[[ Dataset records, beginning ]]
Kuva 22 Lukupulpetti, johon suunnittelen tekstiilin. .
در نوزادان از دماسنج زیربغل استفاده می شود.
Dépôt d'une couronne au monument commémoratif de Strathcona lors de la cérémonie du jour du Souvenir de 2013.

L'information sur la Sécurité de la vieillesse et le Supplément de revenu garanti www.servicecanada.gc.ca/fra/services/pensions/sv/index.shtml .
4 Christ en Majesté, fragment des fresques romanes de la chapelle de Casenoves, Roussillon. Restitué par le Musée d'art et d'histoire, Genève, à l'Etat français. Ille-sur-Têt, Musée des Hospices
[[ Dataset records, end ]]
[[ Dataset records, beginning ]]
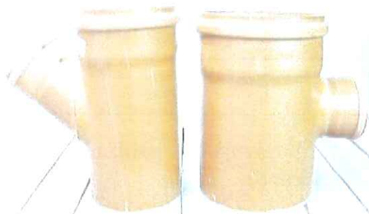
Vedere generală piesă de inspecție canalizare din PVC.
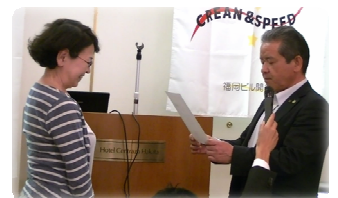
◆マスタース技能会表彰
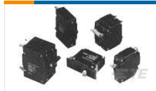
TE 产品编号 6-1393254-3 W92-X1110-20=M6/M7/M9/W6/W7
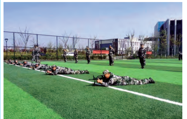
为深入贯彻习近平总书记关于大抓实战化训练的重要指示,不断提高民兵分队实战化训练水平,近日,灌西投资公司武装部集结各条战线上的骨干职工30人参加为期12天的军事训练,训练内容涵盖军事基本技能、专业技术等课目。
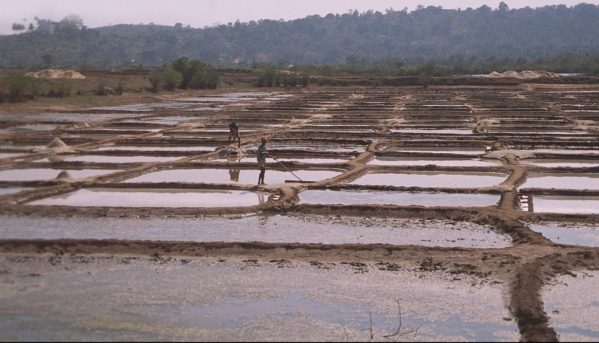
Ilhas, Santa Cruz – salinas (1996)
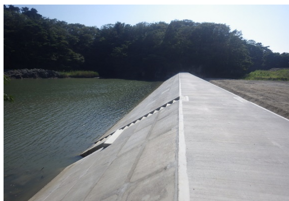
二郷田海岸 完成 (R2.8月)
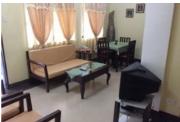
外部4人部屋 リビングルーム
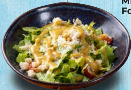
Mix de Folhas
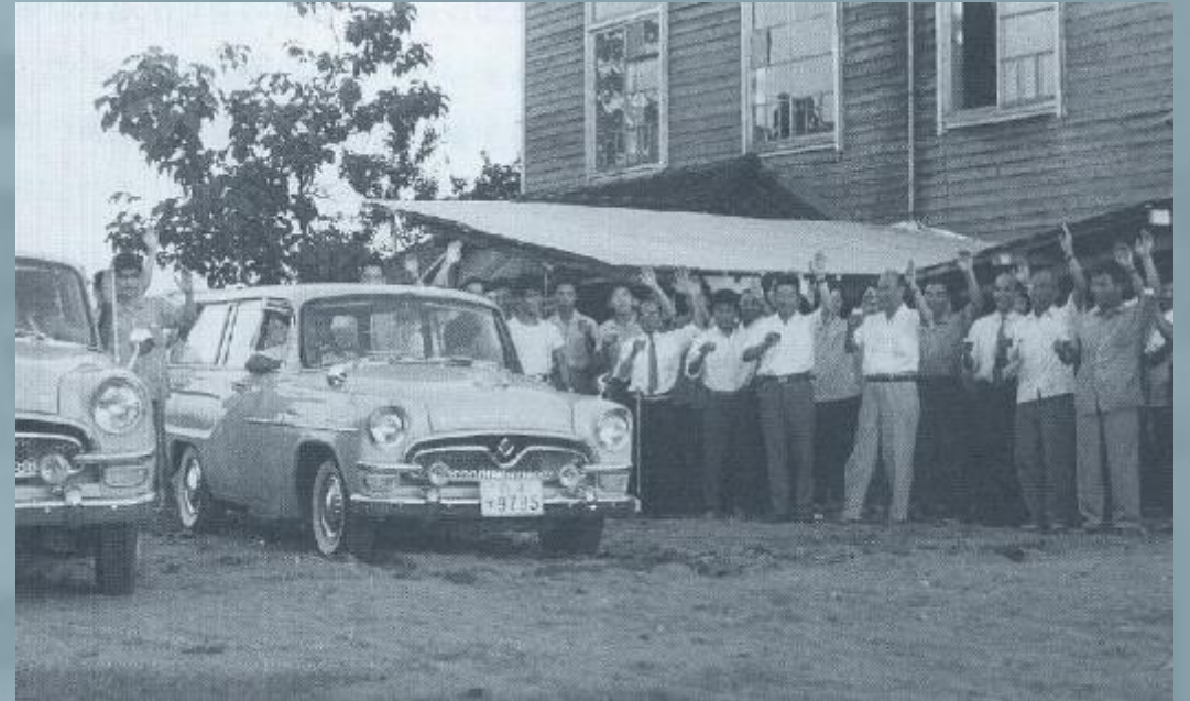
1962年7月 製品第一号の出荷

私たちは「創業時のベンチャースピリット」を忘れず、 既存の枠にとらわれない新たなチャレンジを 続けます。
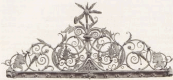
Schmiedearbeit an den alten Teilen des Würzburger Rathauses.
[[ Dataset records, end ]]
Given the records above, reproduce precisely and only the lines between the line holding "L'information sur la" and the line holding "4 Christ en", inclusive.

L'information sur la Sécurité de la vieillesse et le Supplément de revenu garanti www.servicecanada.gc.ca/fra/services/pensions/sv/index.shtml .
4 Christ en Majesté, fragment des fresques romanes de la chapelle de Casenoves, Roussillon. Restitué par le Musée d'art et d'histoire, Genève, à l'Etat français. Ille-sur-Têt, Musée des Hospices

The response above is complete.